Write out the listing below character for character, though without its pictures.

▶ Data shown:
==========

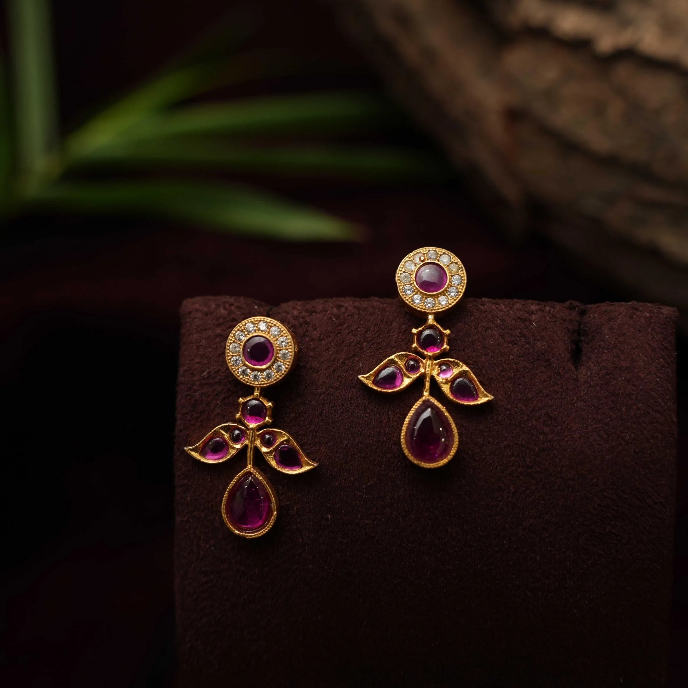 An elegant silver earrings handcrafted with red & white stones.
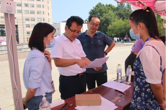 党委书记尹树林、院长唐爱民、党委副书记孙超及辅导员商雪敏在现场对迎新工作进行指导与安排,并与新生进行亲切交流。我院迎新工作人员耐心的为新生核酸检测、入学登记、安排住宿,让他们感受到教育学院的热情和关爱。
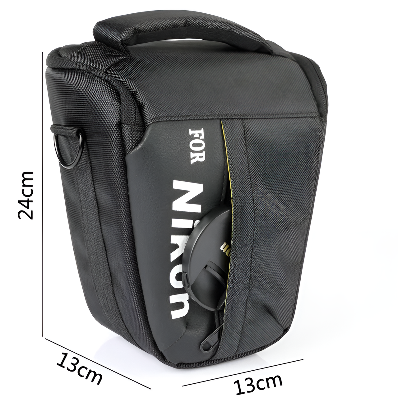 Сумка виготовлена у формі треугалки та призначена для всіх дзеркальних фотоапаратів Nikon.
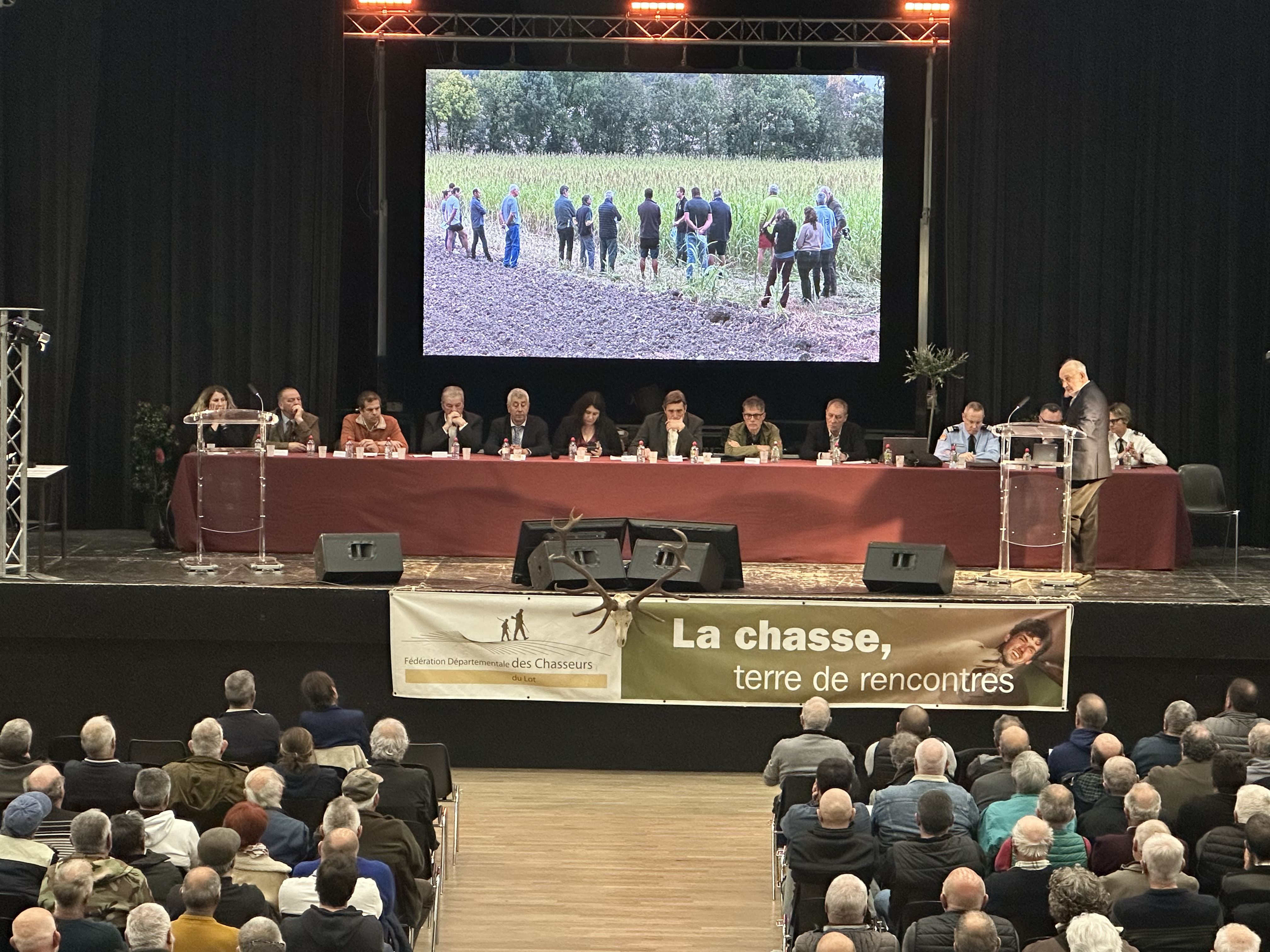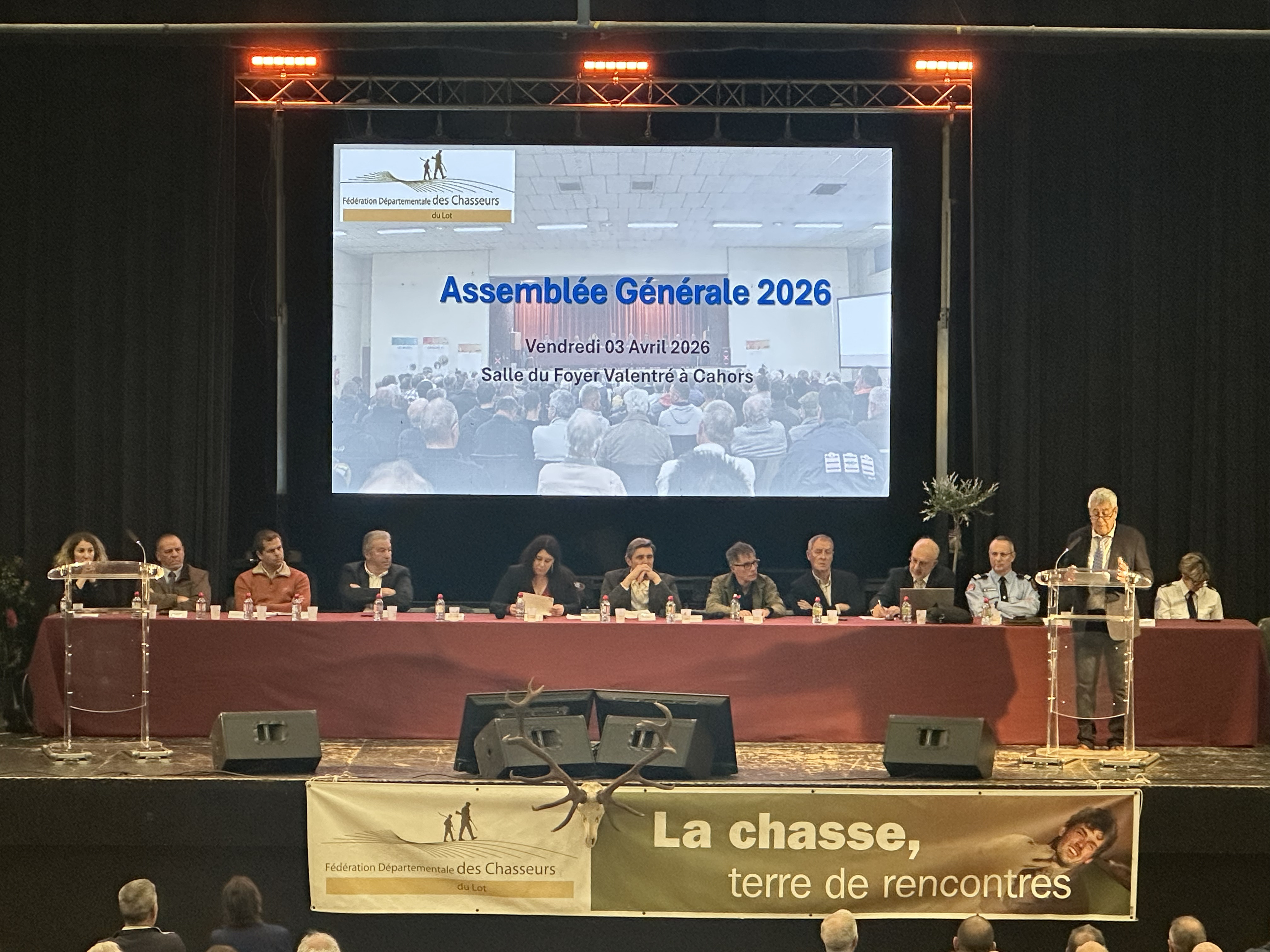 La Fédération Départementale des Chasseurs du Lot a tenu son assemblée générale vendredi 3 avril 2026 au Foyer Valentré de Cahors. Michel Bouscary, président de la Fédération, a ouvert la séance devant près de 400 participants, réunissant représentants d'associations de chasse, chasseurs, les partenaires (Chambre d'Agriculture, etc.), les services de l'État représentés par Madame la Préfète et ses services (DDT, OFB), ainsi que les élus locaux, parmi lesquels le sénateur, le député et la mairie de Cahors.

==========

▶ Finished task:
 An elegant silver earrings handcrafted with red & white stones.
 党委书记尹树林、院长唐爱民、党委副书记孙超及辅导员商雪敏在现场对迎新工作进行指导与安排,并与新生进行亲切交流。我院迎新工作人员耐心的为新生核酸检测、入学登记、安排住宿,让他们感受到教育学院的热情和关爱。
 Сумка виготовлена у формі треугалки та призначена для всіх дзеркальних фотоапаратів Nikon.
 La Fédération Départementale des Chasseurs du Lot a tenu son assemblée générale vendredi 3 avril 2026 au Foyer Valentré de Cahors. Michel Bouscary, président de la Fédération, a ouvert la séance devant près de 400 participants, réunissant représentants d'associations de chasse, chasseurs, les partenaires (Chambre d'Agriculture, etc.), les services de l'État représentés par Madame la Préfète et ses services (DDT, OFB), ainsi que les élus locaux, parmi lesquels le sénateur, le député et la mairie de Cahors.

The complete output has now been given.